O restante da resposta é dado por Thomas Traherne e por Agostinho. Traherne disse:
Você não se compraz no mundo corretamente enquanto não vê como um grão de areia demonstra a sabedoria e o poder de Deus, e preza em cada coisa o serviço que presta a você, manifestando a glória e a bondade de Deus à sua alma, bem mais que a beleza visível na sua superfície ou os serviços materiais que pode prestar ao seu corpo.
E Agostinho orou com as palavras abaixo, que provaram ser imensamente importantes em meu esforço para amar a Deus de todo o meu coração:
Ama-te muito pouco
Aquele que ama outra coisa junto contigo,
Que ele ama não por tua causa.
Em outras palavras, se coisas criadas são vistas e usadas como dádivas de Deus e como espelhos da sua glória, não precisam ser ocasiões para idolatria —se nosso prazer nelas é sempre também um prazer em quem as fez.
C. S. Lewis o formulou assim em uma "Carta a Malcolm":
Não podemos —ou eu não posso— ouvir o gorjeio de um pássaro simplesmente como um som. Seu sentido ou mensagem ("isto é um pássaro") acompanha-o inevitavelmente— assim como não se pode ver uma palavra conhecida impressa como um mero padrão visual. Ler é tão involuntário como ver. Quando o vento estrondeia eu não ouço simplesmente o estrondo; eu "ouço o vento". Da mesma maneira é possível "ler" assim como "ter" um prazer. Ou nem mesmo "como". A distinção deve tornar-se, e às vezes é, impossível; recebê-la e reconhecer sua origem divina são uma só experiência. Este fruto celestial espalha instantaneamente o aroma do pomar onde cresceu. Essa brisa suave sussurra da terra de onde sopra. É uma mensagem. Sabemos que estamos sendo tocados por um dedo daquela mão direita em que há delícias perpetuamente. Não é preciso haver agradecimentos ou louvor como um evento distinto, algo que se faz depois. O ato de experimentar a pequena teofania já é adoração em si.

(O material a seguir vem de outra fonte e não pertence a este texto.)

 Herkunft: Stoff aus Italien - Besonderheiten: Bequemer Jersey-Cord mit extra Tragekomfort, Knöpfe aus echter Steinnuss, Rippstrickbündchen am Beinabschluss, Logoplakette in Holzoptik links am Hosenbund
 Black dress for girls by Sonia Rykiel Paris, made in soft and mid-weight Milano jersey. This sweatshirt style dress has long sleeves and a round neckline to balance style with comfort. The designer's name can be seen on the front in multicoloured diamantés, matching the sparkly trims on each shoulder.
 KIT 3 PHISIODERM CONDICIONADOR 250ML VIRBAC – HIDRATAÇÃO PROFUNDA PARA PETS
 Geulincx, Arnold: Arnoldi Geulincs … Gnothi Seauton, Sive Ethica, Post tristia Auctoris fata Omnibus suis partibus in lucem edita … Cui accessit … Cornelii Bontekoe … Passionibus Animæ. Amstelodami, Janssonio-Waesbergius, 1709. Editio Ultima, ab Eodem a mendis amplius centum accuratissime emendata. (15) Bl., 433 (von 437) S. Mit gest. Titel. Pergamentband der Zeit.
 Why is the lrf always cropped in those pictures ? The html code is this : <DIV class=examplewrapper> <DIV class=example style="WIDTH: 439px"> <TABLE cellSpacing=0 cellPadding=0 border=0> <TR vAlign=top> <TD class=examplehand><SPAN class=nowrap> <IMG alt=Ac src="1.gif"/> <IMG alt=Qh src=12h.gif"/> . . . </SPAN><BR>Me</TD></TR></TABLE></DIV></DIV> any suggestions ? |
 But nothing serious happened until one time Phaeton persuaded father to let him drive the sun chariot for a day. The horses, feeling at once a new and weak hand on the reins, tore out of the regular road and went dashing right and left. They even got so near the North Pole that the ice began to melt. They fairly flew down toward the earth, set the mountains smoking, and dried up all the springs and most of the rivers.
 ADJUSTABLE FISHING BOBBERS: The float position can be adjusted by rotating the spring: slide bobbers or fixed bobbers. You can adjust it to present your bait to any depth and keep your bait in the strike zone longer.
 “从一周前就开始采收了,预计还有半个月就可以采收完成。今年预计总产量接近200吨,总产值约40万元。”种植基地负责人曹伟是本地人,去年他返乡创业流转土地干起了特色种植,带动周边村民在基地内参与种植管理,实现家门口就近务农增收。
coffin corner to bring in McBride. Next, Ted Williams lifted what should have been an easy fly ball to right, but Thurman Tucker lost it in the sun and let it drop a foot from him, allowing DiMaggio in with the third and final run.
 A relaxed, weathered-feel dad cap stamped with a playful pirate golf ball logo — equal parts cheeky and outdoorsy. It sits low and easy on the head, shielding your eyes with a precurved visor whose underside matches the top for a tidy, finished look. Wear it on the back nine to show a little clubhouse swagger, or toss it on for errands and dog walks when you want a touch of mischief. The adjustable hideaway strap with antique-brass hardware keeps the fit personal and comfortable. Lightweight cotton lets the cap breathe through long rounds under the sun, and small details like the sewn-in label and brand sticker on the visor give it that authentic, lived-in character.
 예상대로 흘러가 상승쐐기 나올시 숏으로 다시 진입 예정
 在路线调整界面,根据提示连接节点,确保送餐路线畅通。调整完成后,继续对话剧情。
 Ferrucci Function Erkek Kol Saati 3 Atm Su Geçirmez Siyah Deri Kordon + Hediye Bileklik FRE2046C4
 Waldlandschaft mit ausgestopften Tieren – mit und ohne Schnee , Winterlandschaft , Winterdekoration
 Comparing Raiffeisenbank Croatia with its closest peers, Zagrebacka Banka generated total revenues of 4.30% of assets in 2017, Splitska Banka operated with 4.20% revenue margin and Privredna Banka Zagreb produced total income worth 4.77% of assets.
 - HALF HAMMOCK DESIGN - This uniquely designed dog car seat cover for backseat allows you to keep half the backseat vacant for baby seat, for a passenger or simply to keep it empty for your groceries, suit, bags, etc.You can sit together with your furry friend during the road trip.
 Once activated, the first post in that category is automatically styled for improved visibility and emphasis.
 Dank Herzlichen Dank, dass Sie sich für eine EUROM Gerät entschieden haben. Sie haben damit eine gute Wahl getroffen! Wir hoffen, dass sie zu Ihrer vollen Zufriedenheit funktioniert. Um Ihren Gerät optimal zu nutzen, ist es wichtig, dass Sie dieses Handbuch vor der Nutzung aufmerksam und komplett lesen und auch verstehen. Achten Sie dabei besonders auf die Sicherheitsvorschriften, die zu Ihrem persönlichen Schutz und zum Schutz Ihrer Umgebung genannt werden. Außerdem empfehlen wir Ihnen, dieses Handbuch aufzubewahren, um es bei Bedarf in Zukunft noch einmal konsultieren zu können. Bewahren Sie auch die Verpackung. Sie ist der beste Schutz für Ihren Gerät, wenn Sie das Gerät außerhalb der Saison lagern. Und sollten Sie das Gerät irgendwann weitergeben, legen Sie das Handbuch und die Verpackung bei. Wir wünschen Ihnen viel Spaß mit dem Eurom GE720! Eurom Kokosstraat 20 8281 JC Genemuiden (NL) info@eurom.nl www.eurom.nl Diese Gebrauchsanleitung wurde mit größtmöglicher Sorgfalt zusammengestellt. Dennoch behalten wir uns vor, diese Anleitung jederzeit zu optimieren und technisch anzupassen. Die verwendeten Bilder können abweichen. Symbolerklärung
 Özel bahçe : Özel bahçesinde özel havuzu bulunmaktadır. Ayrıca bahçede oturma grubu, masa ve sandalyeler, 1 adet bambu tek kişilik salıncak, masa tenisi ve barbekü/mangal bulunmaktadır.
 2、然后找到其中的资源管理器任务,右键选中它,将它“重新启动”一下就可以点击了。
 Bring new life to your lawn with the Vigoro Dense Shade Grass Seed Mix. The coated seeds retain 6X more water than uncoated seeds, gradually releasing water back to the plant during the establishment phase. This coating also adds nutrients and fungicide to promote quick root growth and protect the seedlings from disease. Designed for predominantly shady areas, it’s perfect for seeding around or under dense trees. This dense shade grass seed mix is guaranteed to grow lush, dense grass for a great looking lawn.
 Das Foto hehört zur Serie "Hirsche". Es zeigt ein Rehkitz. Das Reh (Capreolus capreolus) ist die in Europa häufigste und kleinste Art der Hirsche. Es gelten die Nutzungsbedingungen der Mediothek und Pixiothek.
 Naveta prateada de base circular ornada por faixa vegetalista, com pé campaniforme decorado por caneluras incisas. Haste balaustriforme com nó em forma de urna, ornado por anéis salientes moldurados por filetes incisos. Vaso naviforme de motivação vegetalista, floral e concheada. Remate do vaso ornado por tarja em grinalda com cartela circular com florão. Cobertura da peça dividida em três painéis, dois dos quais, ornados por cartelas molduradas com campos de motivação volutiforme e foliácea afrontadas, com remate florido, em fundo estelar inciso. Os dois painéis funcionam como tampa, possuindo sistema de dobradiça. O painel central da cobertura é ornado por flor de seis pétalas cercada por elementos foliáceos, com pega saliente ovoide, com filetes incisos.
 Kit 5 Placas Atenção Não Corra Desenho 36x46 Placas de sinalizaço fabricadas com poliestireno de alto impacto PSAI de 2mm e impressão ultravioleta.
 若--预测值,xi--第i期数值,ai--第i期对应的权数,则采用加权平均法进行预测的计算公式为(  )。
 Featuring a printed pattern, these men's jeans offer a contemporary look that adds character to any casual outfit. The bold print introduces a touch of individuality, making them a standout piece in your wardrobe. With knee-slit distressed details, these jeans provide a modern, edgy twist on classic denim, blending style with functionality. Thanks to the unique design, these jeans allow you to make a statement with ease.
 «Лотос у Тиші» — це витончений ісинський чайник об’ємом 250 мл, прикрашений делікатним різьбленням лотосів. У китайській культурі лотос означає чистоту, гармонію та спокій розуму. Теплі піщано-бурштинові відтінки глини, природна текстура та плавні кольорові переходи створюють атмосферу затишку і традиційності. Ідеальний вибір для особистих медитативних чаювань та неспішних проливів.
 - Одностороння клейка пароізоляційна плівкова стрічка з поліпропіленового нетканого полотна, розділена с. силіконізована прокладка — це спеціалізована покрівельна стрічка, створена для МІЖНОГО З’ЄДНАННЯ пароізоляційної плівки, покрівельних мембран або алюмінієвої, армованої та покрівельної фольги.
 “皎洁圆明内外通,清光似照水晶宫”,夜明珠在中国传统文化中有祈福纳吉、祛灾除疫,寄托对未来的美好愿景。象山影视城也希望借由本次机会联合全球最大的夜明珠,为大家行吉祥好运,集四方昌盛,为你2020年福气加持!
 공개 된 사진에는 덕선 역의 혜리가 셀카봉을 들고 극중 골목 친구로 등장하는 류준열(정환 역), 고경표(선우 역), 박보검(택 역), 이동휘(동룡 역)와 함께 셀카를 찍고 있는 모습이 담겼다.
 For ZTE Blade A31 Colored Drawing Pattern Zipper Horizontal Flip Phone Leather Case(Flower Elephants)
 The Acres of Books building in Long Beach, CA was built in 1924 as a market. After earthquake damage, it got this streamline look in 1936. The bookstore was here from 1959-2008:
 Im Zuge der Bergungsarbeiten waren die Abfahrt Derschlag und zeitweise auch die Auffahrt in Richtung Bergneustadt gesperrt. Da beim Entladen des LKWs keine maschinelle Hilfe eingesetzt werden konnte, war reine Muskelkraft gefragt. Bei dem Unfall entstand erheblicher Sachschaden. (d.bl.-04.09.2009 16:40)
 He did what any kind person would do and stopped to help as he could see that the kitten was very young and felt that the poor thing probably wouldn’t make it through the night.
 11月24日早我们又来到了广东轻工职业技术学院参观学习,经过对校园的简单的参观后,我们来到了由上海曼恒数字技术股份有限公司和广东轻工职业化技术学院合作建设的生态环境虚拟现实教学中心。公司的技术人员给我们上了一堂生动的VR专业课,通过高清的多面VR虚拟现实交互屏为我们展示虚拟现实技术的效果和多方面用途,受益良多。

Se nossa experiência da criação se torna uma experiência do pomar celestial, ou do dedo divino, então pode ser adoração e não idolatria. Lewis o diz ainda de outra maneira em suas meditações sobre Salmos:
Esvaziando a Natureza da divindade —ou, digamos, das divindades— você pode enchê-la de Deus, porque agora ela é portadora de mensagens. Há um sentido em que a adoração da Natureza a silencia —como quando uma criança ou um débil mental fica tão impressionada com o uniforme do carteiro que esquece de pegar as cartas.
Portanto, pode ser idolatria ou não, orar para que o carteiro venha. Se estamos apenas apaixonados pelos breves prazeres mundanos que seu uniforme nos traz, isso é idolatria. Mas se consideramos o uniforme um bónus grátis que acompanha o prazer real das mensagens divinas, então não é idolatria. Se podemos orar por um cônjuge, um emprego, por cura física, comida ou abrigo por amor a Deus, então mesmo nisso estamos centrados em Deus e não nos revelamos "egocêntricos". Estamos concordando com o salmista: "Não há nada na terra que eu deseje além de ti!" Ou seja, não há nada que eu deseje mais do que o Senhor, e não há nada do que eu quero que não me mostre mais do Senhor.